Data below:
- - -
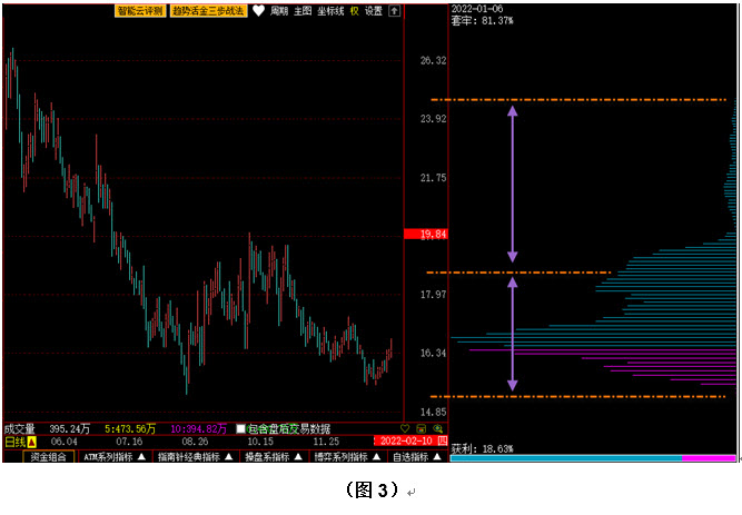 如图3所示,该股右侧筹码分布图上方的蓝色区域没有变化,但下方的黄色区域变为了紫色区,这表明该股的筹码出现了低位密集状态。与高位密集状态相似,低位密集状态指的是筹码分布图所包含的整个价格区域内,在最下面的30%的价格区间内,聚集了62%以上的筹码。由于大多数筹码都集中到了低位,这时如果股价出现上涨,下方的支撑力度就会很强大,对后期股价的向上运行产生支撑作用,所以每当出现筹码低位密集的时候,筹码分布图中下方的黄色区就会变成紫色,以便提醒大家注意低位的投资机会。
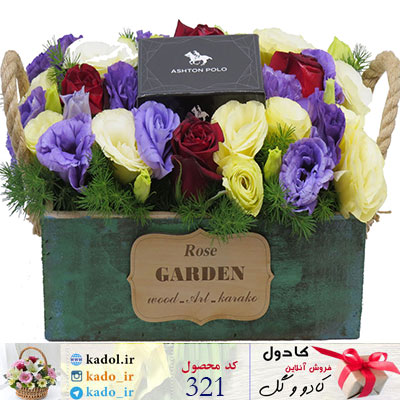 این باکس زیبای چوبی با گل های رنگارنگ خود ، جعبه ی کادو را در برگرفته است.
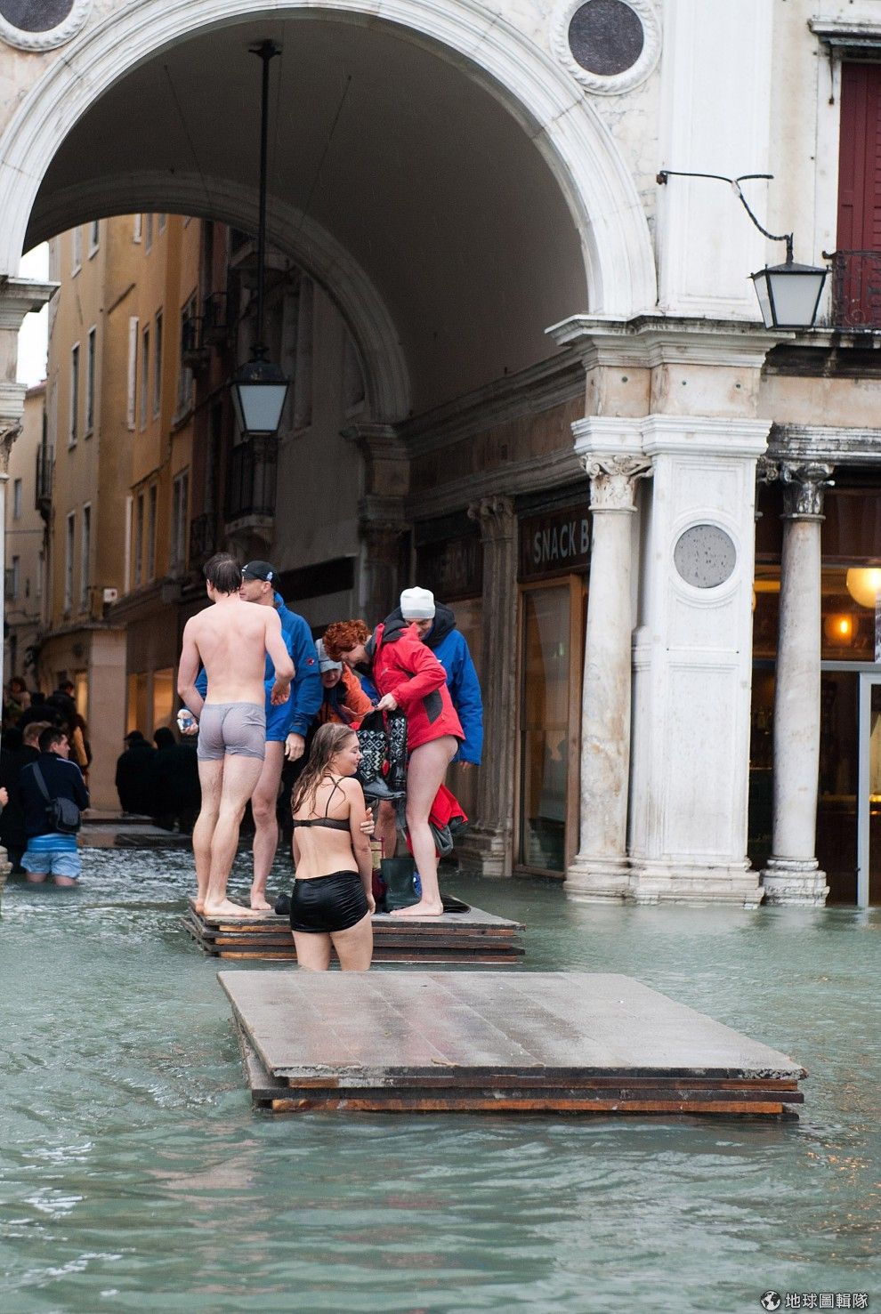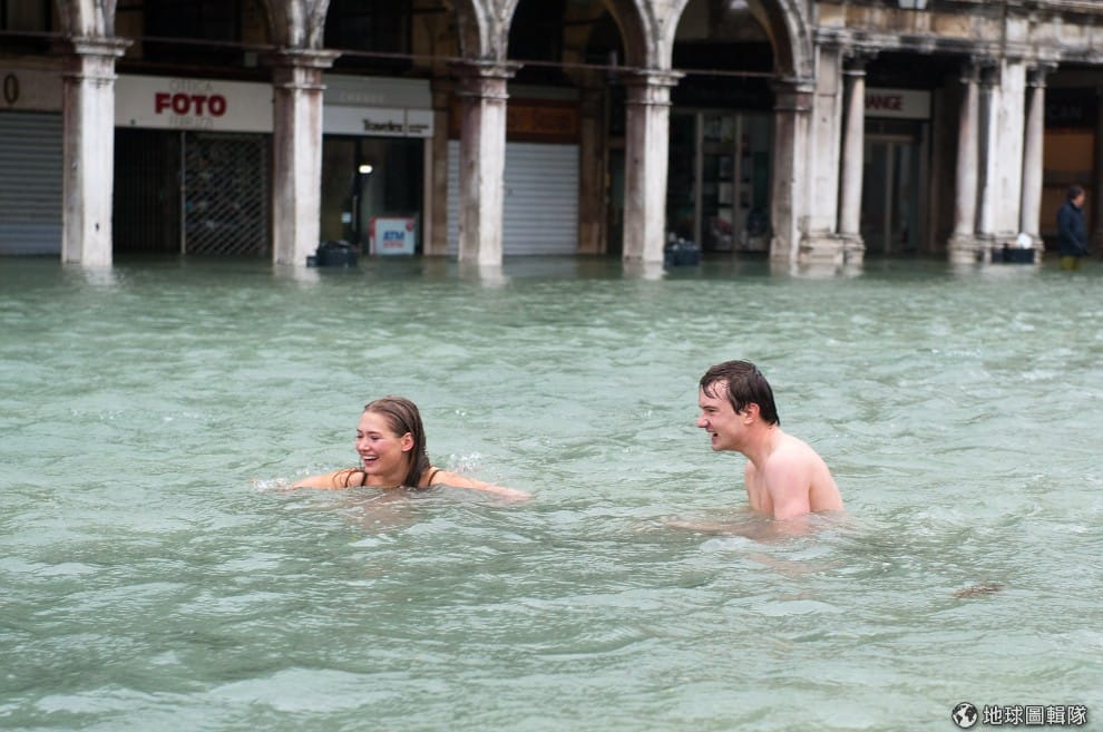 gettyimages從10月底開始,義大利的威尼斯又是一年一度的大潮,水位比海平高出103公分的狀況下,海水全淹進了城內,讓威尼斯成了「水鄉澤國」。但是呢,當地民眾全顯得很淡定,一樣外出購物,商家報攤也照常營業,連預計要開跑的馬拉松都照常舉辦。
- - -
Provide the listing above once more, exactly, with the pictures removed.

 如图3所示,该股右侧筹码分布图上方的蓝色区域没有变化,但下方的黄色区域变为了紫色区,这表明该股的筹码出现了低位密集状态。与高位密集状态相似,低位密集状态指的是筹码分布图所包含的整个价格区域内,在最下面的30%的价格区间内,聚集了62%以上的筹码。由于大多数筹码都集中到了低位,这时如果股价出现上涨,下方的支撑力度就会很强大,对后期股价的向上运行产生支撑作用,所以每当出现筹码低位密集的时候,筹码分布图中下方的黄色区就会变成紫色,以便提醒大家注意低位的投资机会。
 این باکس زیبای چوبی با گل های رنگارنگ خود ، جعبه ی کادو را در برگرفته است.
 gettyimages從10月底開始,義大利的威尼斯又是一年一度的大潮,水位比海平高出103公分的狀況下,海水全淹進了城內,讓威尼斯成了「水鄉澤國」。但是呢,當地民眾全顯得很淡定,一樣外出購物,商家報攤也照常營業,連預計要開跑的馬拉松都照常舉辦。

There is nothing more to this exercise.